Problem description → For this exercise, copy the data exactly and omit any images.

── Dataset extract ──

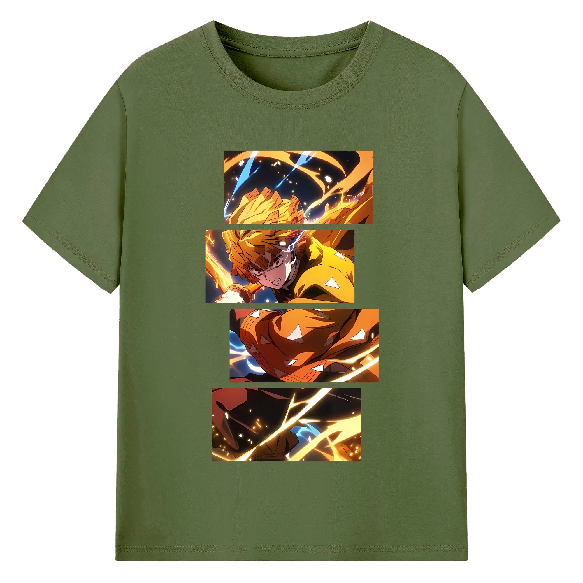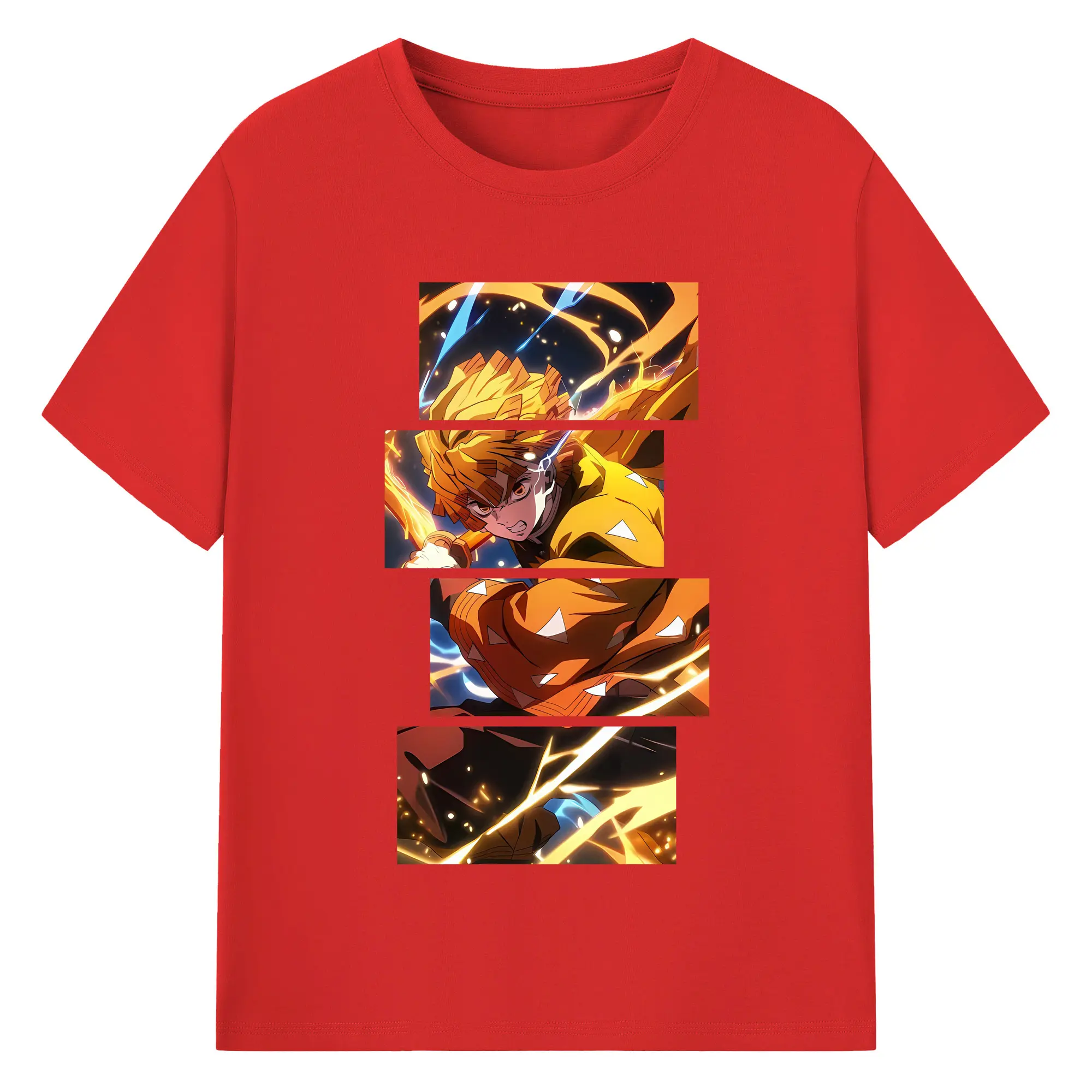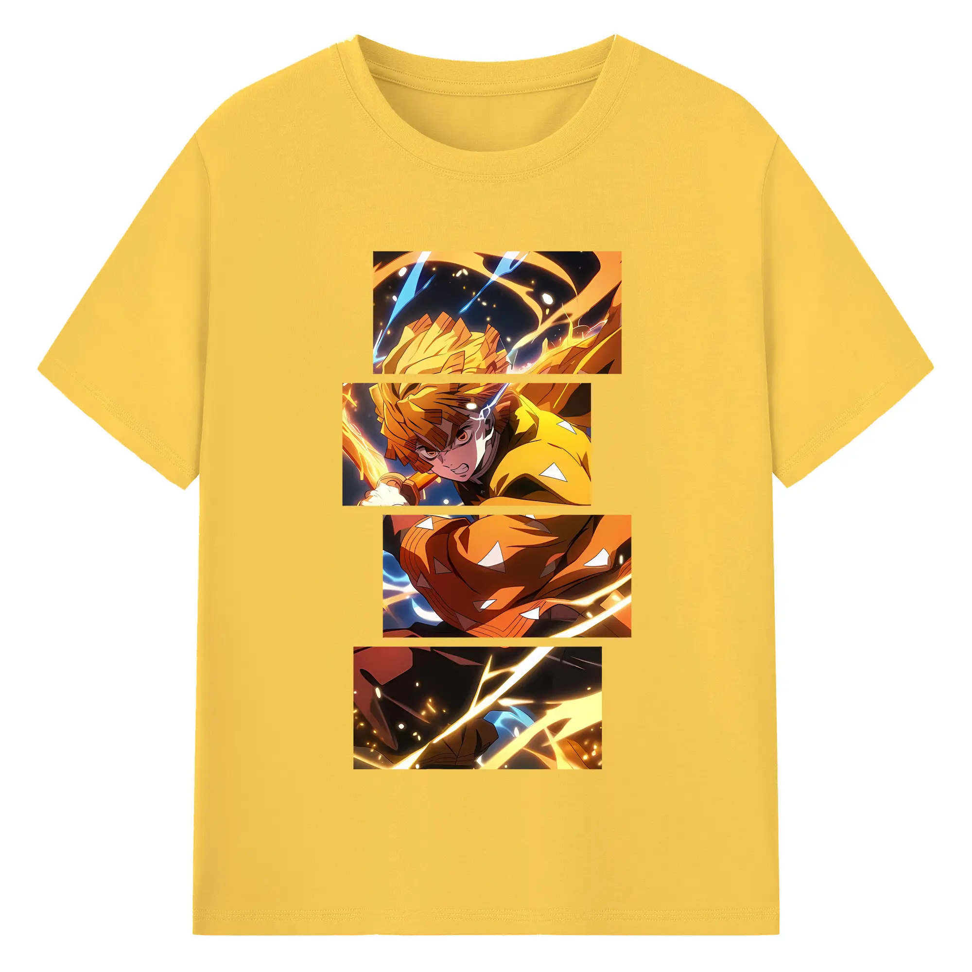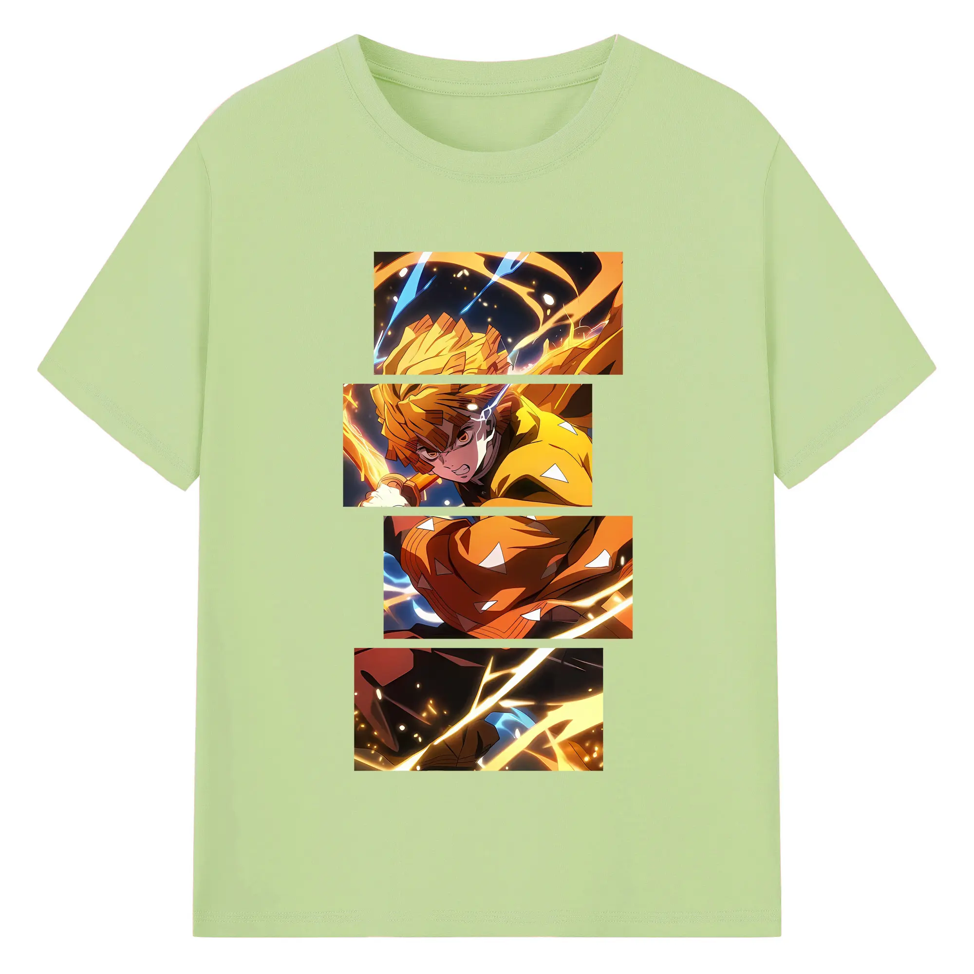 鬼滅の刃 グッズ,我妻 善逸 - 綿100% 半袖Tシャツ ・ バックプリント ・ 快適 通気性 ・ 日常使い 散歩 スポーツ用
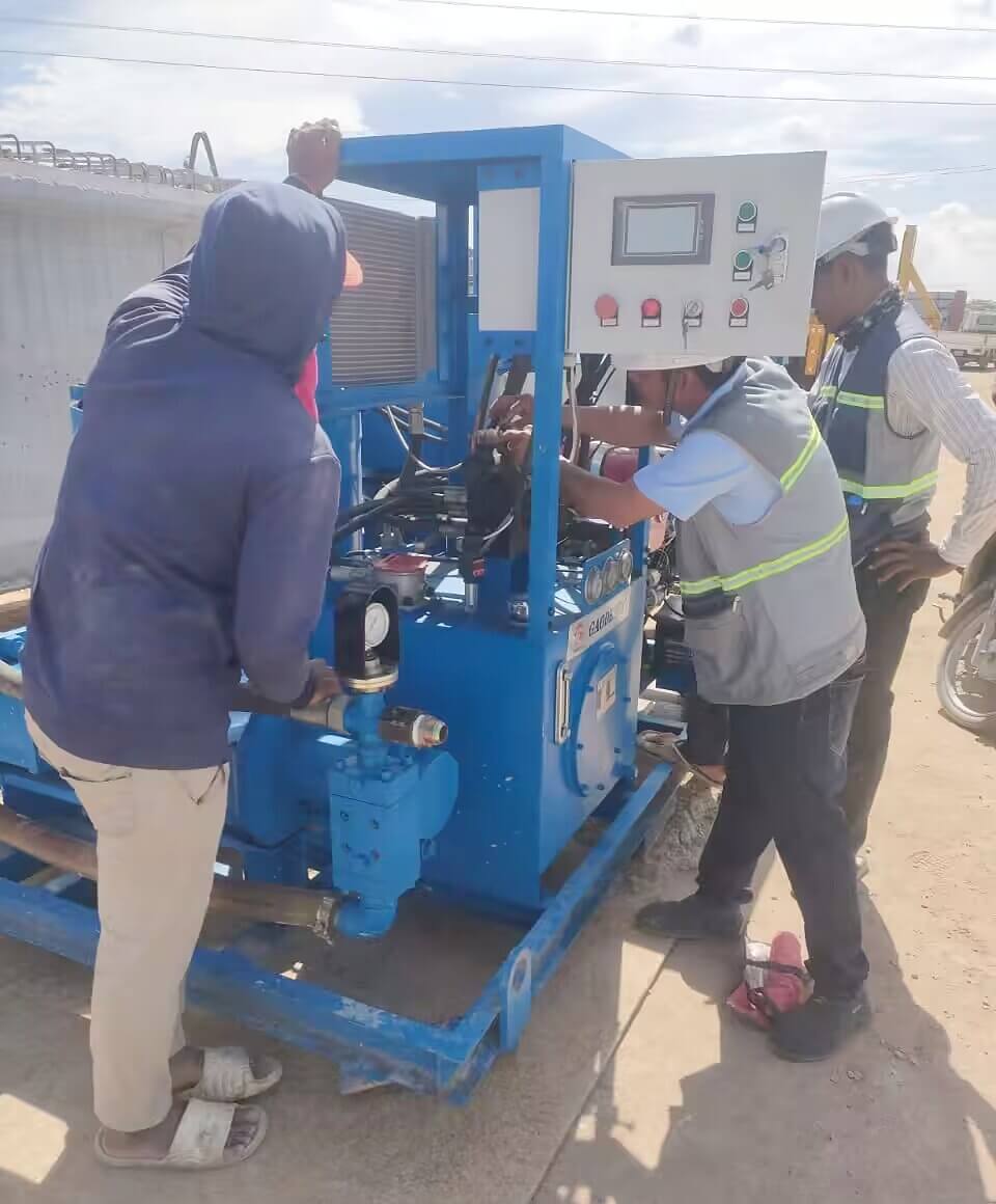 High-speed, high-shear colloidal mixer cause a vortex flow to ensure mix quickly and evenly. Water, cement or bentonite is quickly mixed into a homogeneous slurry. Then the mixed slurry was delivered to the agitator. Grout pump injects from the mixing drum (storage tank). This ensures a continuous mixing and grouting operations. The grouting plant is hydraulic drive with electric motor. Grouting pressure and displacement of this bentonite grout mixing plant is adjustable.
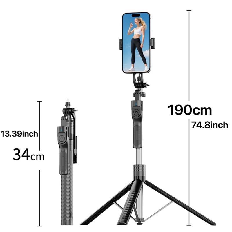 - Versatile 2-in-1 Design: Use as a selfie stick or tripod, extendable up to 190 cm for group shots, vlogs, and overhead recording.
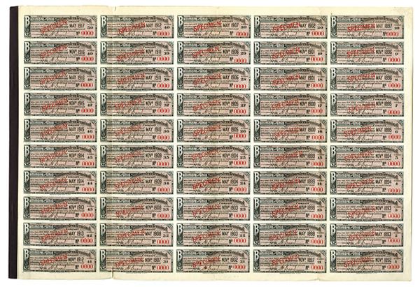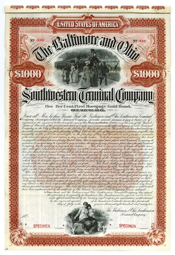 $1000, Specimen 5% 1st Mortgage Gold Coupon Bond. Stunning design and colors with curved title over terminal scene with locomotive, passengers and women at top with seated allegorical woman and children at bottom, burgundy brown border and under print enhance this lovely design. This was the only example found in the ABN archives in 2002, it is unlisted in Cox and it is the only one available. ABNC.

───

Result of the exercise →
 鬼滅の刃 グッズ,我妻 善逸 - 綿100% 半袖Tシャツ ・ バックプリント ・ 快適 通気性 ・ 日常使い 散歩 スポーツ用
 High-speed, high-shear colloidal mixer cause a vortex flow to ensure mix quickly and evenly. Water, cement or bentonite is quickly mixed into a homogeneous slurry. Then the mixed slurry was delivered to the agitator. Grout pump injects from the mixing drum (storage tank). This ensures a continuous mixing and grouting operations. The grouting plant is hydraulic drive with electric motor. Grouting pressure and displacement of this bentonite grout mixing plant is adjustable.
 - Versatile 2-in-1 Design: Use as a selfie stick or tripod, extendable up to 190 cm for group shots, vlogs, and overhead recording.
 $1000, Specimen 5% 1st Mortgage Gold Coupon Bond. Stunning design and colors with curved title over terminal scene with locomotive, passengers and women at top with seated allegorical woman and children at bottom, burgundy brown border and under print enhance this lovely design. This was the only example found in the ABN archives in 2002, it is unlisted in Cox and it is the only one available. ABNC.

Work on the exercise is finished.